从simplex库中使用boot时,从R: Simplex error: NAs are not allowed in subscripted assignments和A basic example of the simplex function in R with errors可以看出,在指定>=约束类型时会出现错误,但不能<=。
失败的基本示例:
library(boot)
a = c(1, 1, 1)
A2 = rbind(c(2, 7.5, 3), c(20, 5, 10))
b2 = c(10000, 30000)
simplex(a=a, A2=A2, b2=b2, maxi=FALSE)
使用任意可实现的<=约束时,它不会失败:
library(boot)
a = c(1, 1, 1)
A2 = rbind(c(2, 7.5, 3), c(20, 5, 10))
b2 = c(10000, 30000)
simplex(a=a, A1=c(1,1,1),b1 = 1.0E+12,A2=A2, b2=b2, maxi=FALSE)
这是来自simplex的错误,还是我使用错了?
答案 0 :(得分:0)
我终于编辑了simplex函数以添加琐碎约束a<=Inf:
simplex <- function(a,A1=NULL,b1=NULL,A2=NULL,b2=NULL,A3=NULL,b3=NULL,
maxi=FALSE, n.iter=n+2*m, eps=1e-10)
#
# This function calculates the solution to a linear programming
# problem using the tableau simplex method.
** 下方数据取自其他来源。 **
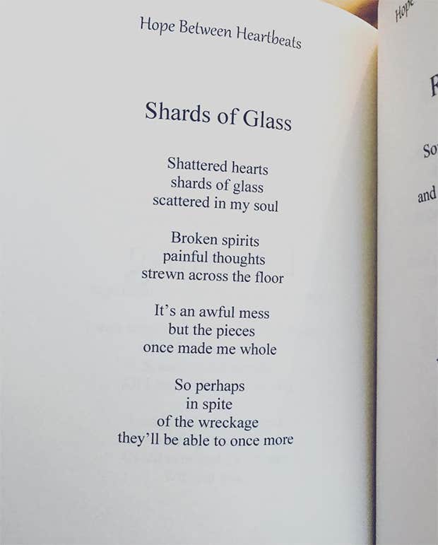 "Shattered hearts, shards of glass, scattered in my soul. Broken spirits, painful thoughts, strewn across the floor. It’s an awful mess, but the pieces once made me whole. So perhaps in spite of the wreckage, they’ll be able to once more.”—Liz Newman

The constraints are
# given by the matrices A1, A2, A3 and the vectors b1, b2 and b3
# such that A1%*%x <= b1, A2%*%x >= b2 and A3%*%x = b3. The 2-phase
# Simplex method is used.
#
{
call <- match.call()
if (!is.null(A1))
if (is.matrix(A1))
m1 <- nrow(A1)
else m1 <- 1
else {m1 <- 1
A1=a #####HERE INSERT TRIVIAL CONSTRAINT
b1=Inf #####HERE INSERT TRIVIAL CONSTRAINT
}
if (!is.null(A2))
if (is.matrix(A2))
m2 <- nrow(A2)
else m2 <- 1
else m2 <- 0
if (!is.null(A3))
if (is.matrix(A3))
m3 <- nrow(A3)
else m3 <- 1
else m3 <- 0
m <- m1+m2+m3
n <- length(a)
a.o <- a
if (maxi) a <- -a
if (m2+m3 == 0)
# If there are no >= or = constraints then the origin is a feasible
# solution, and so only the second phase is required.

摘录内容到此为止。